AVAILABLE RECORDS:
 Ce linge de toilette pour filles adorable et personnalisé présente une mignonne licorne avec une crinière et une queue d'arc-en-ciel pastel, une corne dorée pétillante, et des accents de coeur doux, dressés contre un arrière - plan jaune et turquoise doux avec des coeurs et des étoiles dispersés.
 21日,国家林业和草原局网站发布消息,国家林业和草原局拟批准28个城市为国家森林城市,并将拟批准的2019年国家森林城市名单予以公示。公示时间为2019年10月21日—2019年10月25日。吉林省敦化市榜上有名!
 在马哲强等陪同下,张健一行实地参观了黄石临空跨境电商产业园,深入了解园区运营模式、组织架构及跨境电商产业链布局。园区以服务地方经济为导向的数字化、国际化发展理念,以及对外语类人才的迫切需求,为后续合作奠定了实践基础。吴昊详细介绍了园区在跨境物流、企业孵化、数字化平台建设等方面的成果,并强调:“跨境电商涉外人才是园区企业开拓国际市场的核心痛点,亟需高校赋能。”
* * *
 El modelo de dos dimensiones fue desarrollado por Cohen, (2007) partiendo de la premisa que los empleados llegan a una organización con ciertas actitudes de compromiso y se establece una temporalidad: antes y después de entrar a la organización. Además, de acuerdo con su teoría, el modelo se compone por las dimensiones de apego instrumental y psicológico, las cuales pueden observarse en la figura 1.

TASK TO CARRY OUT: In the material above, locate the line containing "Ce linge de" and the line containing "在马哲强等陪同下,张健一行实". Transcribe exactly those two lines and every line between them, and nothing more.

TASK ANSWER:
 Ce linge de toilette pour filles adorable et personnalisé présente une mignonne licorne avec une crinière et une queue d'arc-en-ciel pastel, une corne dorée pétillante, et des accents de coeur doux, dressés contre un arrière - plan jaune et turquoise doux avec des coeurs et des étoiles dispersés.
 21日,国家林业和草原局网站发布消息,国家林业和草原局拟批准28个城市为国家森林城市,并将拟批准的2019年国家森林城市名单予以公示。公示时间为2019年10月21日—2019年10月25日。吉林省敦化市榜上有名!
 在马哲强等陪同下,张健一行实地参观了黄石临空跨境电商产业园,深入了解园区运营模式、组织架构及跨境电商产业链布局。园区以服务地方经济为导向的数字化、国际化发展理念,以及对外语类人才的迫切需求,为后续合作奠定了实践基础。吴昊详细介绍了园区在跨境物流、企业孵化、数字化平台建设等方面的成果,并强调:“跨境电商涉外人才是园区企业开拓国际市场的核心痛点,亟需高校赋能。”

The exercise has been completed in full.